A vida espiritual faz o auto-respeito aumentar vigorosamente. Mas o auto- respeito não é auto-admiração. O auto-respeito está sempre coordenado com o amor e o serviço ao semelhante. Não é possível respeitar a si próprio mais do que amar ao semelhante, um é a medida da capacidade para o outro.
Com o passar dos dias, todo verdadeiro crente torna-se mais hábil em convencer os seus semelhantes do amor pela verdade eterna. Vós não tendes hoje mais recursos para revelar a bondade à humanidade do que tínheis ontem? Neste ano, não estais mais aptos para recomendar a retidão do que estivestes no ano passado? A vossa técnica para conduzir as almas famintas ao Reino espiritual não está tornando-se cada vez mais uma arte?
Os vossos ideais estão elevados o suficiente para assegurar a vossa salvação eterna e, ao mesmo tempo, as vossas idéias estão tão práticas a ponto de fazerem de vós cidadãos úteis para funcionar bem na Terra na vossa associação com os semelhantes mortais? Em espírito, a vossa cidadania está no céu; na carne, sois ainda cidadãos dos reinos da Terra. Dai a César as coisas materiais e a Deus as coisas que são espirituais.
A medida da capacidade espiritual da alma em evolução é a vossa fé na verdade e o vosso amor pelo homem, mas a medida da vossa força humana de caráter é a vossa capacidade de resistir à ação dos rancores e a vossa capacidade de suportar o acabrunhamento em face de uma profunda mágoa. A derrota é o verdadeiro espelho no qual deveis ver, honestamente, o vosso eu real.

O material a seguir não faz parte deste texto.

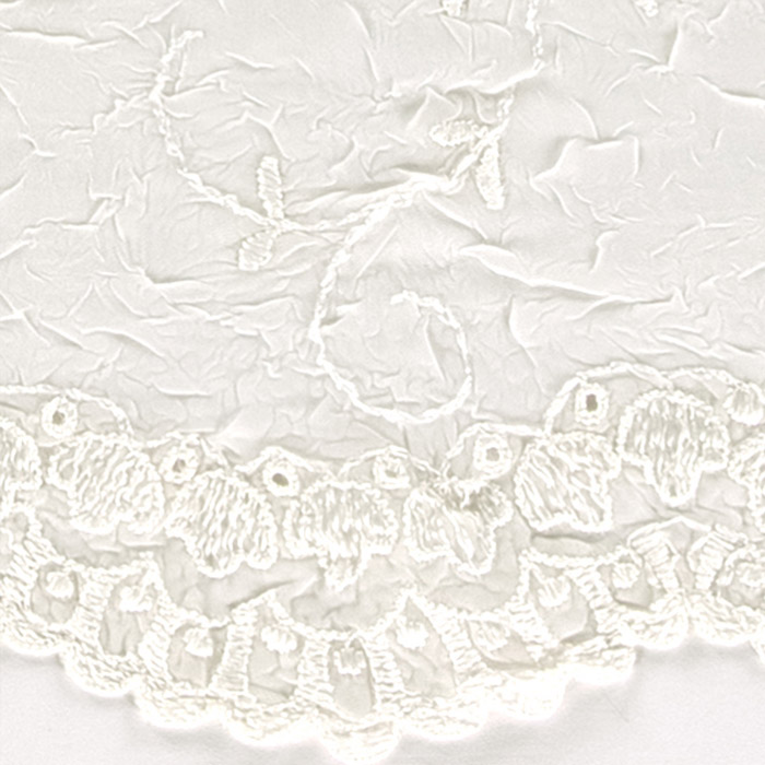 クラッシュ加工を施した生地に、繊細な刺繍が美しく浮かび上がります。柔らかくさらりとした質感の生地です。

À medida que envelhecerdes no tempo e ficardes mais experientes nos assuntos do Reino, estareis adquirindo mais tato para lidar com os mortais importunos, e mais tolerância para conviver com os condiscípulos teimosos? O tato é o ponto de apoio da alavanca social, e a tolerância é a identificação de uma grande alma. Se vós possuirdes esses dons raros e encantadores, com o passar dos dias tornar- vos-eis mais alertas e experientes nos vossos valiosos esforços de evitar todos os mal-entendidos sociais desnecessários. As almas assim sábias são capazes de evitar muitas das complicações que certamente são o quinhão de todos aqueles que sofrem da falta de ajustamento emocional, daqueles que se recusam a crescer, e daqueles que se recusam a envelhecer com galhardia.
Evitai a desonestidade e a injustiça, em todos os vossos esforços de pregar a verdade e para proclamar o evangelho. Não busqueis um reconhecimento que não vem do esforço e nenhuma compaixão ou simpatia imerecida. Amai, recebei livremente das fontes divinas e humanas, independentemente do vosso mérito, e amai livremente em retribuição. Mas em todas as outras coisas relacionadas à honra e à adulação, buscai tão somente o que honestamente vos couber.
O mortal consciente de Deus está certo da sua salvação; ele é destemido na sua vida, é honesto e coerente. Ele sabe como suportar com bravura os sofrimentos inevitáveis; não se queixa quando enfrenta os sofrimentos inescapáveis.
O verdadeiro crente não fica cansado de fazer o bem, apenas porque encontra oposições. A dificuldade aguça o fervor do amante da verdade, e os obstáculos apenas incitam mais o empenho dos construtores destemidos do Reino.
E muitas outras coisas Jesus ensinou a todos eles, antes de se aprontarem para partir de Tiro.
No dia antes de deixar Tiro, e retornar para a região do mar da Galiléia, Jesus reuniu os seus companheiros e ordenou aos doze evangelistas que retornassem por um itinerário diferente daquele que ele e os doze apóstolos deviam tomar. E depois que os evangelistas separam-se de Jesus, ali em Tiro, nunca mais voltaram a estar tão intimamente ligados a ele.